The generalized guidance without even mentioning database server as a baseline, without showing plans and/or checking if the database can be guided is just a bad teaching.

It looks like author discovered a trick and tries to hammer everything into it by overgeneralizing.

▲

ethanseal

15 minutes ago

[-]

For sure, there's definitely a lot of cool techniques (and I'm not aware of all of them)! And the first example is very much contrived to show a small example.

I'm not super familiar with the term index merge - this seems to be the term for a BitmapOr/BitmapAnd?

Is there another optimization I'm missing?
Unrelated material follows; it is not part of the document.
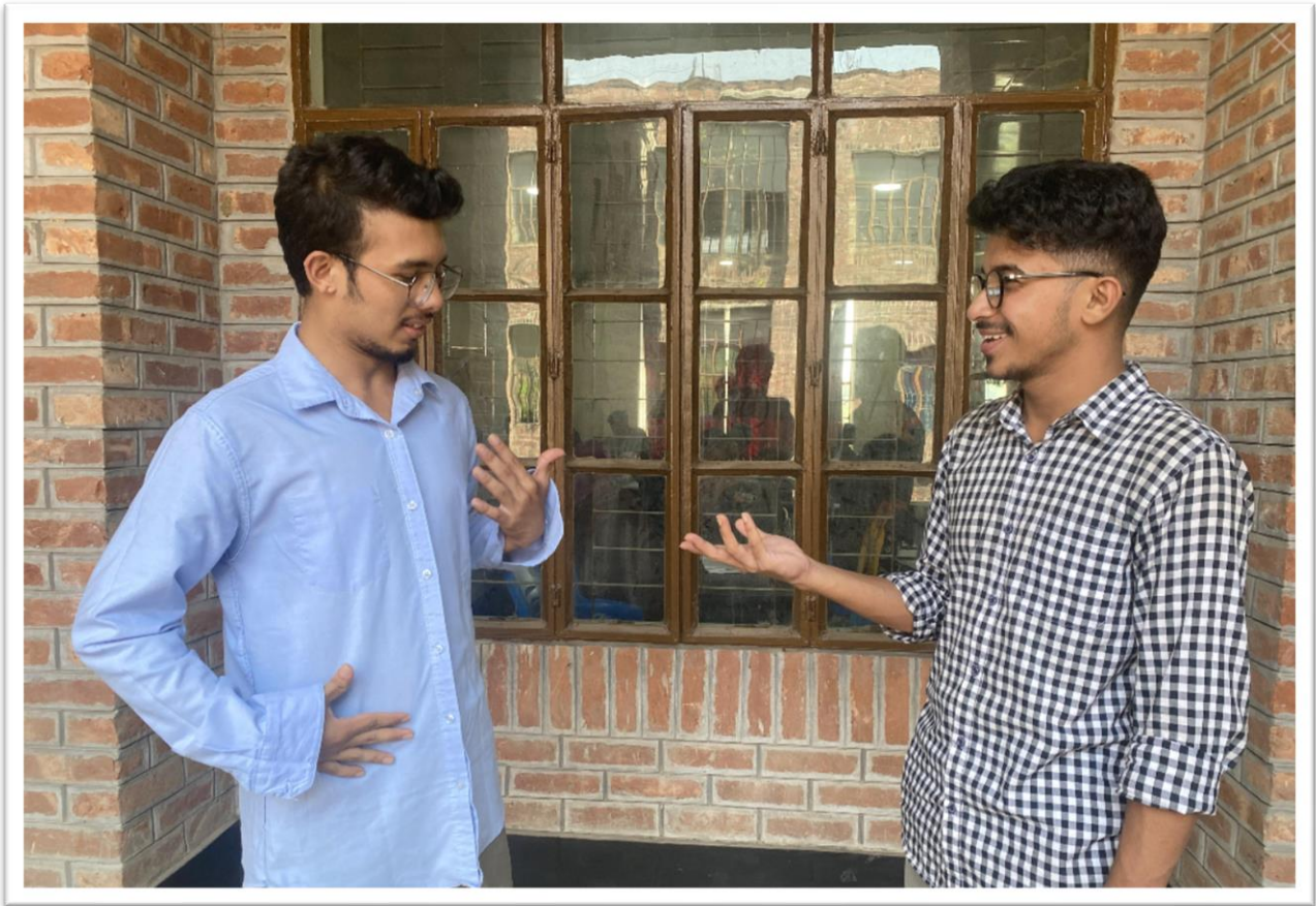
I was explaining him about the Pgc2023 Challenge.

The article links to my code for my timings here: https://github.com/ethan-seal/ors_expensive

There is an optimization that went in the new release of PostgreSQL I'm excited about that may affect this - I'm not sure. See [https://git.postgresql.org/gitweb/?p=postgresql.git;a=commit...

▲

Sesse__

6 minutes ago

[-]

> I'm not super familiar with the term index merge - this seems to be the term for a BitmapOr/BitmapAnd?
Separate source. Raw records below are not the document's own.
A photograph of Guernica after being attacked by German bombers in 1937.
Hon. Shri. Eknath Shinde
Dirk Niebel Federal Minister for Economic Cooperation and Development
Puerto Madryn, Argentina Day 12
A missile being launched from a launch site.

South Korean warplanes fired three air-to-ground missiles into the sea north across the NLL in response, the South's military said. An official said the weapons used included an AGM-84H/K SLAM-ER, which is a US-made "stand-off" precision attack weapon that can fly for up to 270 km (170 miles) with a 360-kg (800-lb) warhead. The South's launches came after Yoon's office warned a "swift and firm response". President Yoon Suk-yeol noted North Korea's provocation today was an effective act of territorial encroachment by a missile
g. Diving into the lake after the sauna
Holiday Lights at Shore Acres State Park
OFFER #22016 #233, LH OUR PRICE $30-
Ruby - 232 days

Different databases will use similar terms for different operations, but I would guess that the comment refers to something similar to MySQL's index merge (which is essentially reading the row IDs of all the relevant ranges, then deduplicating them, then doing the final scan; it's similar to but less flexible than Postgres' BitmapOr).

▲

prein

1 hour ago

[-]

This sort of thing is why looking at generated SQL while developing instead of just trusting the ORM to write good queries is so important.
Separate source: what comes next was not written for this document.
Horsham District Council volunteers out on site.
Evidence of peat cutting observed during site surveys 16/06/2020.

I find query planning (and databases in general) to be very difficult to reason about, basically magic. Does anyone have some recommended reading or advice?

▲

parshimers

1 hour ago

[-]

https://pages.cs.wisc.edu/~dbbook/ is a great overview, specifically chapters 13 and 14 on query optimization. it is difficult to reason about though, and every compiler is different. it takes time and enough examples to look at a query and have an intuition for what the plan should look like, and if there's something the compiler is not handling well.

▲

jalk

59 minutes ago

[-]

It's a big help if you know how to retrieve and interpret execution plans for the database you use.

▲

jalk

1 hour ago

[-]

Can we agree that this is only applies to queries where all the filter conditions use cols with indexes? If no indexes can be used, a single full table scan with OR surely is faster than multiple full table scans.

▲

ethanseal

1 hour ago

[-]

Absolutely. Though I don't recall seeing multiple sequential scans without a self-join or subquery. A basic filter within a sequential scan/loop is the most naive/simplest way of performing queries like these, so postgres falls back to that. Also, fwiw, BitmapOr is only used with indexes: https://pganalyze.com/docs/explain/other-nodes/bitmap-or.

▲

jalk

43 minutes ago

[-]

That was the extreme case - the multi-scan would be gotten if a casual reader tried your (neat by all means) AND-only query on a non-indexed table (or partially indexed for that matter).

▲

ethanseal

34 minutes ago

[-]

Gotcha, I misunderstood your comment. The multiple counts is a definitely very contrived example to demonstrate the overhead of BitmapOr and general risk of sequential scans.

▲

cyanydeez

43 minutes ago

[-]

Yeah, just watch community. Every OR splits the universe, duh.

▲

to11mtm

30 minutes ago

[-]

If ORs are expensive you've probably got a poor table design or the ORs are for some form of nasty query that is more UI/Dashboard based.

A good table has the right indexes, and a good API to deal with the table is using the RIGHT indexes in it's criteria to get a good result.